Question

A person starts from rest at the top of a large frictionless spherical surface, and slides into the water below (see the drawing). At what angle theta does the person leave the surface? At what speed does the person enter the water?

Answer 1

Q2

Person starts from rest, that is initial speed is zero $V_{i}=0$

At a point where radius makes an angle $\theta$ with vertical let the speed be .

conserving energy of person

$mgR+\frac{1}{2}mV_i^2=mgR\cos{\theta}+\frac{1}{2}mV^2$

$V^2=2gR(1-\cos{\theta})$

$V=\sqrt{2gR(1-\cos{\theta})}$

At this point forces on the person are gravitational force and Normal reaction .

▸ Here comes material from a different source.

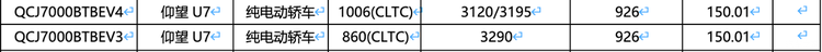 新款仰望U7提供插混版和纯电版,此前插混版已经完成申报工作,将增加全新灰色配色,提供更多的选装配置,比如电子外后视镜、碳纤维侧裙板、20英寸轮圈以及彩色喷涂的刹车卡钳等。插混版搭载2.0T+四电机组成的插混系统,电机总功率达到1000kW,匹配52.3987kWh电池组,纯电续航200km和220km。纯电版电机预计总功率达到1000kW,匹配150.01kWh,纯电续航分别为860km和1006km。
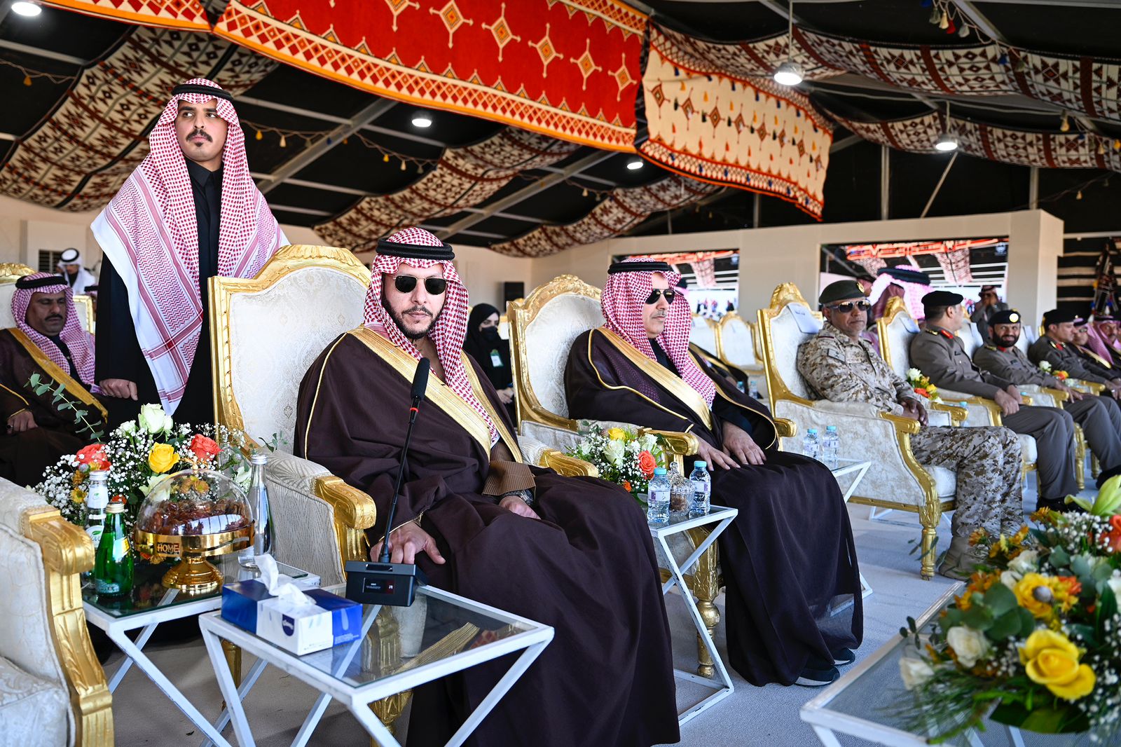 وفور وصول سموه لمقر الاحتفالية في سوق عكاظ بشمال عزف السلام الملكي ليعلن انطلاق مسابقة كأس الطائف للصقور للعام ٢٠٢٥م.

net force towards the center is giving the centripetal acceleration $mg\cos{\theta}-N=\frac{mV^2}{R}$

(a)

If the person is about to lose contact at this point Normal reaction is $N=0$ . That is $mg\cos{\theta}=\frac{mV^2}{R}$

Hence $V^2=gR\cos{\theta}$

from earlier equation $V^2=2gR(1-\cos{\theta})$

Using the above equations $\cos{\theta}=\frac{2}{3}$

That is the person leaves the surface at an angle $\theta=\arccos{\frac{2}{3}}=48.2^{\circ}$

(b)

Just after the person leaves contact his speed is $V=\sqrt{\frac{2gR}{3}}$

From this point his displacement to reach the water is $h=\frac{2R}{3}$

conserving energy again,

$\frac{1}{2}mV_{f}^2=\frac{2mgR}{3}+\frac{1}{2}mV^2$

$\frac{1}{2}mV_{f}^2=\frac{2mgR}{3}+\frac{mgR}{3}=mgR$

$V_{f}=\sqrt{2gR}$